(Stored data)
********

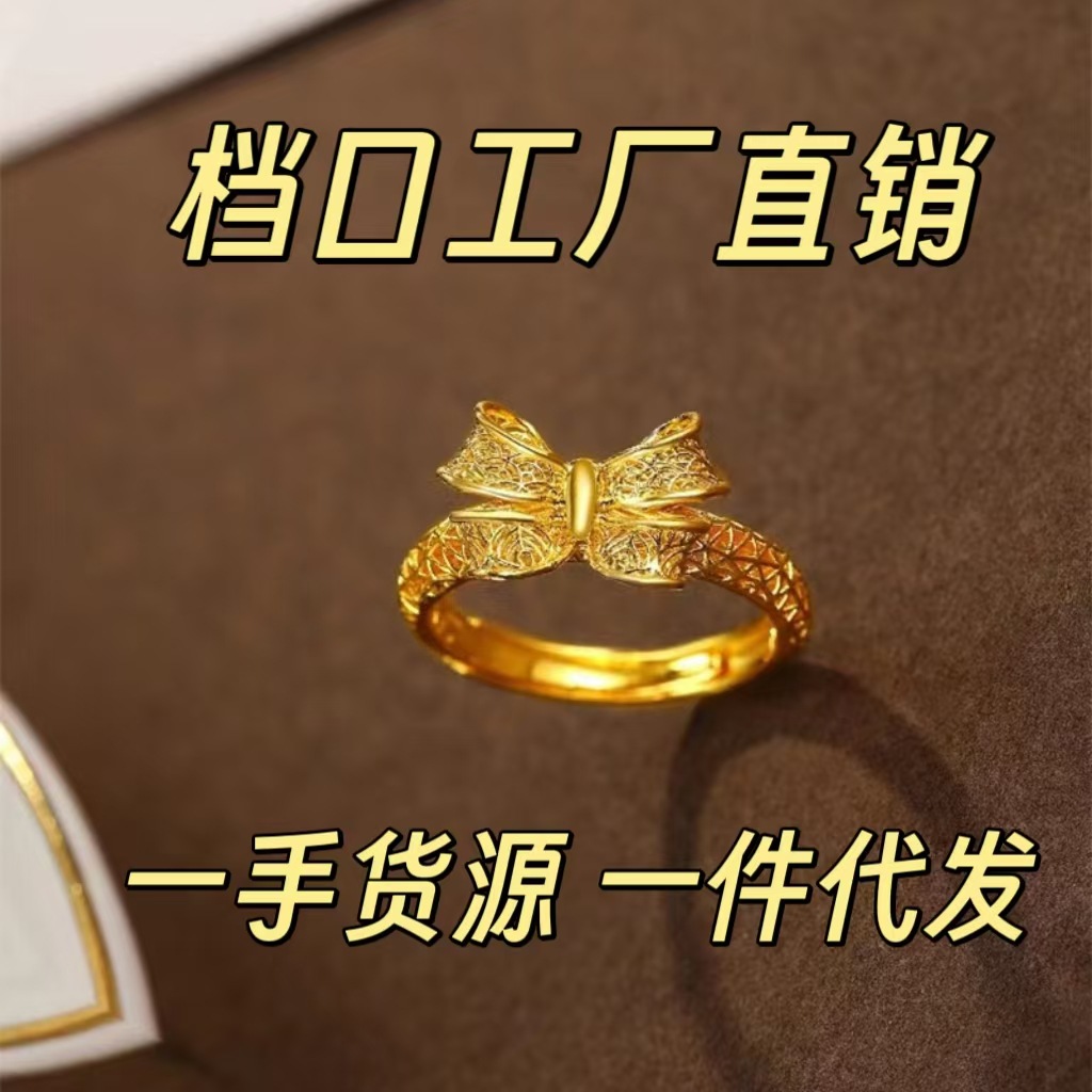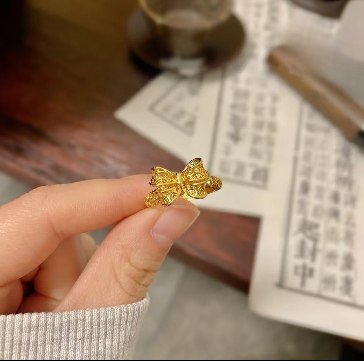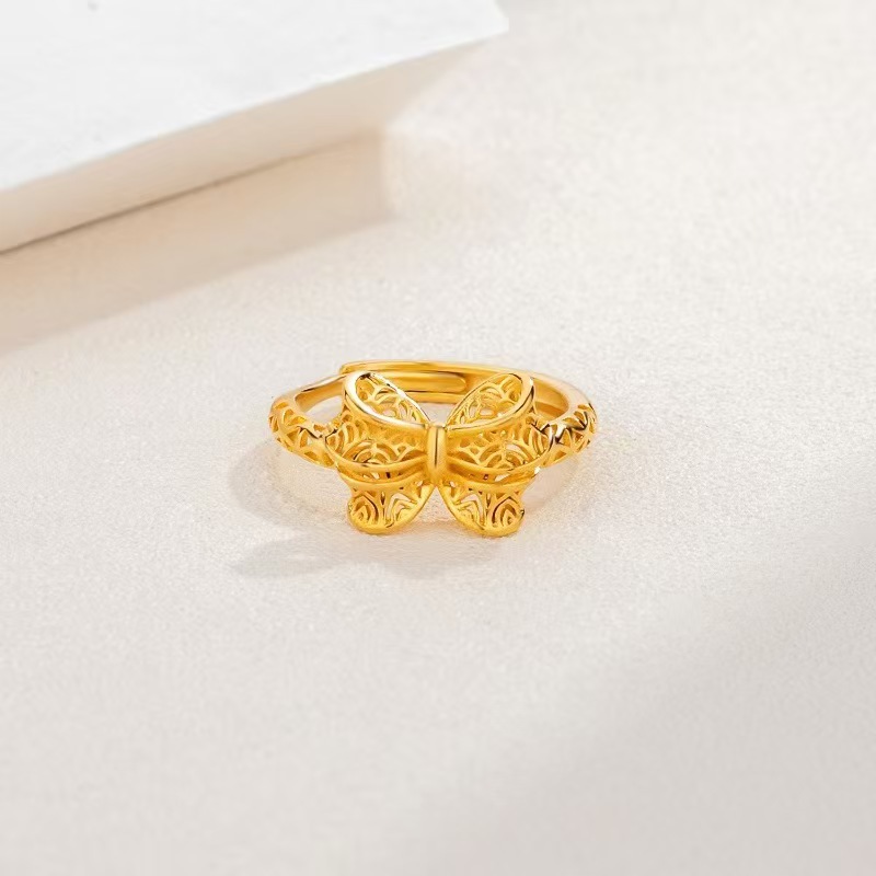 New Fairy-Like Sweet Temperament Goddess Hollow Bow Ring Gold-Plated Fairy Jewelry E-Commerce Supply Wholesale
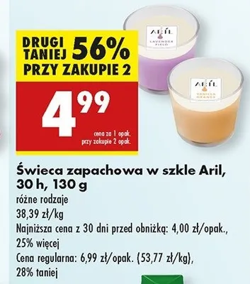 Cena produktu r贸偶ni si臋 w zale偶no艣ci od wybranego sklepu. Niestety nie posiadamy danych o aktualnych promocjach, jednak w艣r贸d archiwalnych ofert 艢wieca zapachowa wanilia i pomara艅cza Aril kosztuje od 3,29 z艂 do 4,99 z艂.
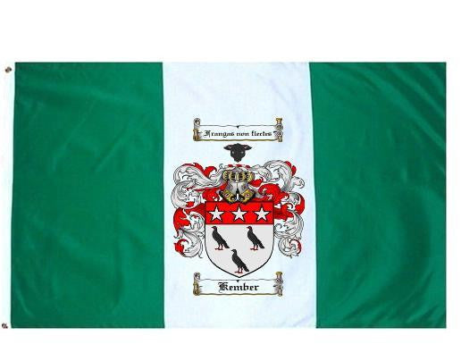 Kember Family Crest Flag / Coat of Arms Flag. You will receive a high quality 3' x 5' Polyester flag with two brass grommets. Proudly display your family heritage with this flag, or hang as a banner on a wall. Our flags make great gifts for birthdays, weddings, anniversaries, fathers day, mothers day, groomsmen gifts, and any other occasion
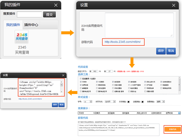 PC和手機(jī)版2345實(shí)用查詢插件(適用版本基礎(chǔ)版、標(biāo)準(zhǔn)版、營銷版) 使用方法:進(jìn)入網(wǎng)站編輯-〉點(diǎn)左側(cè)插件圖標(biāo)-〉插件中心,找到2345實(shí)用查詢插件圖標(biāo),點(diǎn)啟用 可以為您的網(wǎng)站提供快捷實(shí)用查詢 500余款實(shí)用工具供您使用,僅需要復(fù)制粘貼代碼而已 如下圖 1、打開http://tools.2345.com/mfdm/選擇需要的工具并獲取代碼 2、依次點(diǎn)擊插件-我的插件-選中“2345實(shí)用查詢”插件拖拽到您需要的位置。(如果“我的插件”中沒有,請到插件中心啟用) 3、點(diǎn)擊設(shè)置-》粘貼之前獲取的代碼-》保存 4、添加
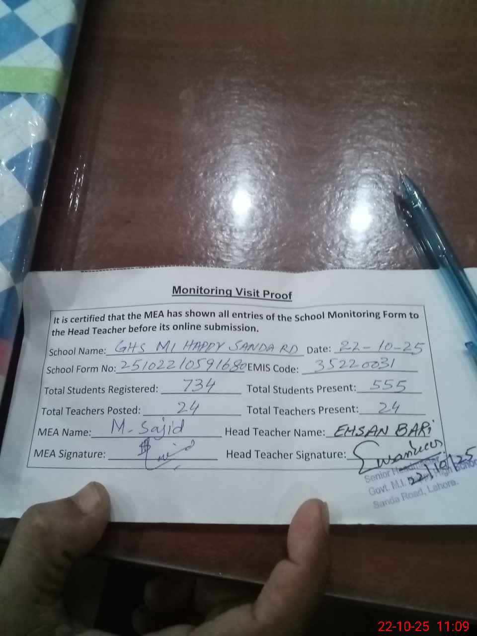 | EMIS Code: 35220031 | Name of School: GHS M.I. HAPPY SANDA ROAD NATIONAL TOWN LAHORE | |||
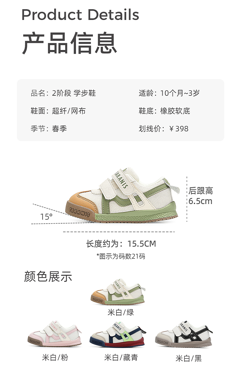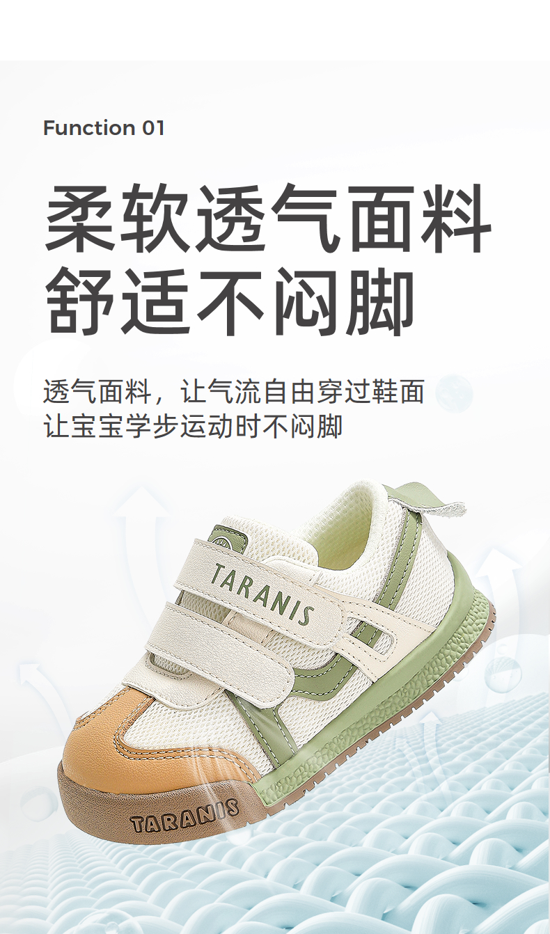 泰兰尼斯学步鞋男宝宝网布透气面包鞋春季新款机能鞋女童软底鞋子 T01T5A6311
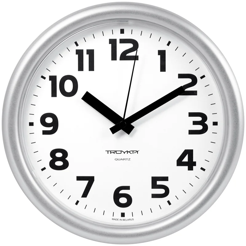 Часы настенные Troyka 21270216. Материал корпуса - пластик. Циферблат закрыт прочным пластиком. Механизм c плавным ходом. Диаметр - 240 мм. Часы работают от 1 элемента питания типа АА.
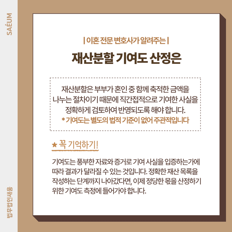 참고로 기여도는 별도의 법적 기준이 없으며 매우 주관적입니다. 얼마만큼 풍부한 자료와 증거로 자신이 기여한 사실을 입증하는가에 따라 결과가 달라질 수 있는 것입니다. 따라서 재산은닉의 우려를 막고 정확한 목록을 작성한 단계까지 나아갔다면, 이후에는 나의 정당한 몫을 산정하기 위한 기여도 측정에 들어가야 합니다.
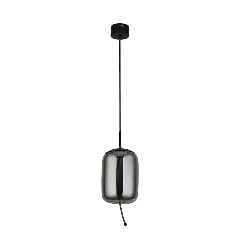 Searchlight Lisbon Suspension à 1 lumière DEL, noir et verre fumé 2700KFini : noir, verre fuméMatériau : acier doux, verreClassement IP : IP20Hauteur : 43 cmHauteur maximale : 150 cmDiamètre : 18 cmType de lampe : LED intégréeNombre de lampes : 1Ampoule incluse : OuiIntensité variable : non variableKelvin : 2700K (Blanc très chaud)Lumens : 121LmPoids : 1,14 kgPuissance (max): 6W
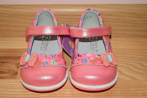 Туфлі на дівчинку виробника Tom mЗовні екошкіра, твердий задник, шкіряна устілка із супінатором. Застібка липучка.
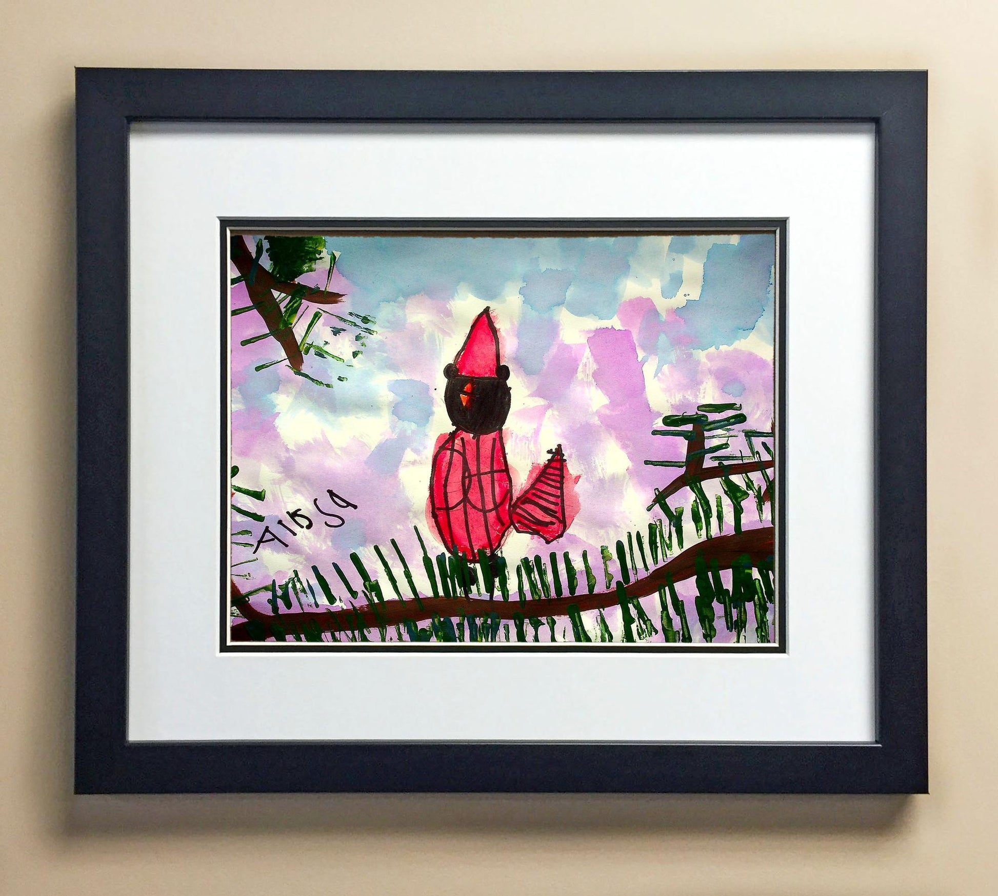 Included with the purchase is the Students Artwork, Frame, double matboard, shatter proof plexiglass, and a ready to hang backerboard with turnbuttons

********

PROMPT:
Write out exactly the lines from the one containing "Часы настенные Troyka" to the last line of the records above, both included, and leave out any pictures.

WRITTEN RESPONSE:
 Часы настенные Troyka 21270216. Материал корпуса - пластик. Циферблат закрыт прочным пластиком. Механизм c плавным ходом. Диаметр - 240 мм. Часы работают от 1 элемента питания типа АА.
 참고로 기여도는 별도의 법적 기준이 없으며 매우 주관적입니다. 얼마만큼 풍부한 자료와 증거로 자신이 기여한 사실을 입증하는가에 따라 결과가 달라질 수 있는 것입니다. 따라서 재산은닉의 우려를 막고 정확한 목록을 작성한 단계까지 나아갔다면, 이후에는 나의 정당한 몫을 산정하기 위한 기여도 측정에 들어가야 합니다.
 Searchlight Lisbon Suspension à 1 lumière DEL, noir et verre fumé 2700KFini : noir, verre fuméMatériau : acier doux, verreClassement IP : IP20Hauteur : 43 cmHauteur maximale : 150 cmDiamètre : 18 cmType de lampe : LED intégréeNombre de lampes : 1Ampoule incluse : OuiIntensité variable : non variableKelvin : 2700K (Blanc très chaud)Lumens : 121LmPoids : 1,14 kgPuissance (max): 6W
 Туфлі на дівчинку виробника Tom mЗовні екошкіра, твердий задник, шкіряна устілка із супінатором. Застібка липучка.
 Included with the purchase is the Students Artwork, Frame, double matboard, shatter proof plexiglass, and a ready to hang backerboard with turnbuttons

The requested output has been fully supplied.